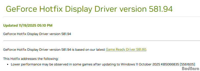 ÇØ´ç ¹öÀüÀº ÃֽаÔÀÓ ·¹µð µå¶óÀ̹ö 581.80À» ±â¹ÝÀ¸·Î, ÃÖ±Ù À©µµ¿ì 11ÀÇ 10¿ù ¾÷µ¥ÀÌÆ®(KB5066835) ¼³Ä¡ ÈÄ ÀϺΠ°ÔÀÓ¿¡¼ ¹ß»ýÇÏ´Â ¼º´É ÀúÇϸ¦ °³¼±Çϱâ À§ÇÑ Á¶Ä¡°¡ ÀÌ·ïÁø ¹öÀüÀÌ´Ù.
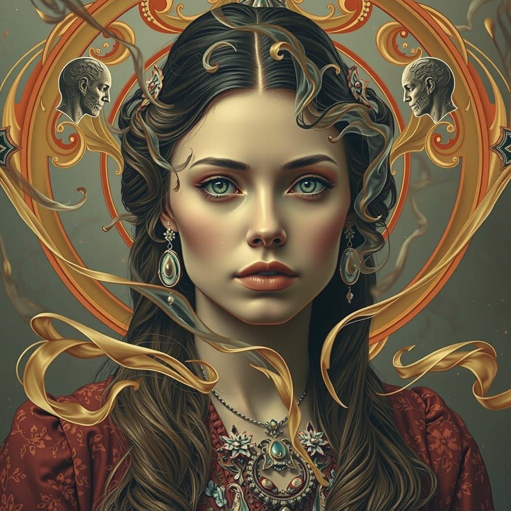 This image depicts a woman floating amidst swirling mists and smoke, rendered with hyperrealism. The artwork evokes emotive introspection and psychological symbolism.
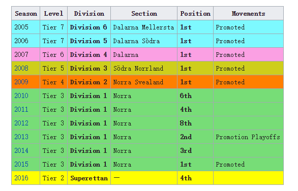 在第三级别联赛停留了6个赛季之后,2015年,达尔库尔德获得了联赛的头名,成功跻身瑞典甲级联赛(第二级别)。2016赛季,他们在甲级联赛中排名第四,遗憾地无缘升级;不过今年,卷土重来的他们终于实现了自己的梦想,达尔库尔德已经提前锁定了一个升级到瑞典超级联赛的名额!
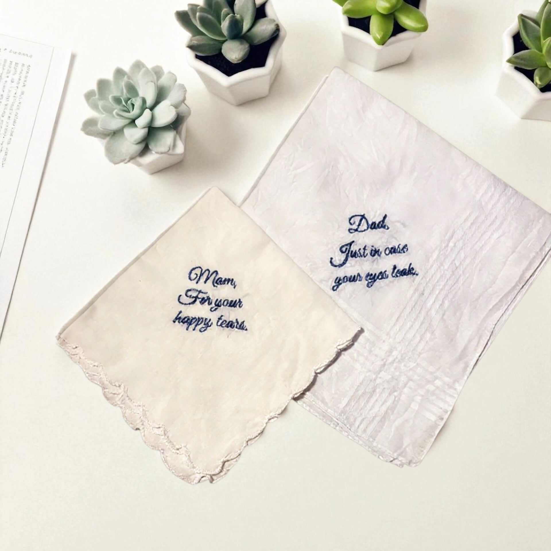 A timeless keepsake for your special day. Our beautifully embroidered handkerchiefs make the perfect gift for brides, grooms, parents, or loved ones — a delicate way to wipe away happy tears. Each piece is custom-made with your choice of name, date, or heartfelt message, creating a treasured memento to cherish forever.
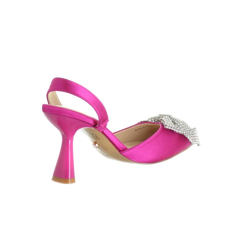 Slingback in ecopelle cracklè con applicazione a forma di fiocco in strass e tacco a rocchetto alto 10,5cm. Calzata regolare.

[What needs to be done] Wherever a picture appears in the material above, skip it and copy the rest without change.

[Problem solution]
 ÇØ´ç ¹öÀüÀº ÃֽаÔÀÓ ·¹µð µå¶óÀ̹ö 581.80À» ±â¹ÝÀ¸·Î, ÃÖ±Ù À©µµ¿ì 11ÀÇ 10¿ù ¾÷µ¥ÀÌÆ®(KB5066835) ¼³Ä¡ ÈÄ ÀϺΠ°ÔÀÓ¿¡¼ ¹ß»ýÇÏ´Â ¼º´É ÀúÇϸ¦ °³¼±Çϱâ À§ÇÑ Á¶Ä¡°¡ ÀÌ·ïÁø ¹öÀüÀÌ´Ù.
 This image depicts a woman floating amidst swirling mists and smoke, rendered with hyperrealism. The artwork evokes emotive introspection and psychological symbolism.
 在第三级别联赛停留了6个赛季之后,2015年,达尔库尔德获得了联赛的头名,成功跻身瑞典甲级联赛(第二级别)。2016赛季,他们在甲级联赛中排名第四,遗憾地无缘升级;不过今年,卷土重来的他们终于实现了自己的梦想,达尔库尔德已经提前锁定了一个升级到瑞典超级联赛的名额!
 A timeless keepsake for your special day. Our beautifully embroidered handkerchiefs make the perfect gift for brides, grooms, parents, or loved ones — a delicate way to wipe away happy tears. Each piece is custom-made with your choice of name, date, or heartfelt message, creating a treasured memento to cherish forever.
 Slingback in ecopelle cracklè con applicazione a forma di fiocco in strass e tacco a rocchetto alto 10,5cm. Calzata regolare.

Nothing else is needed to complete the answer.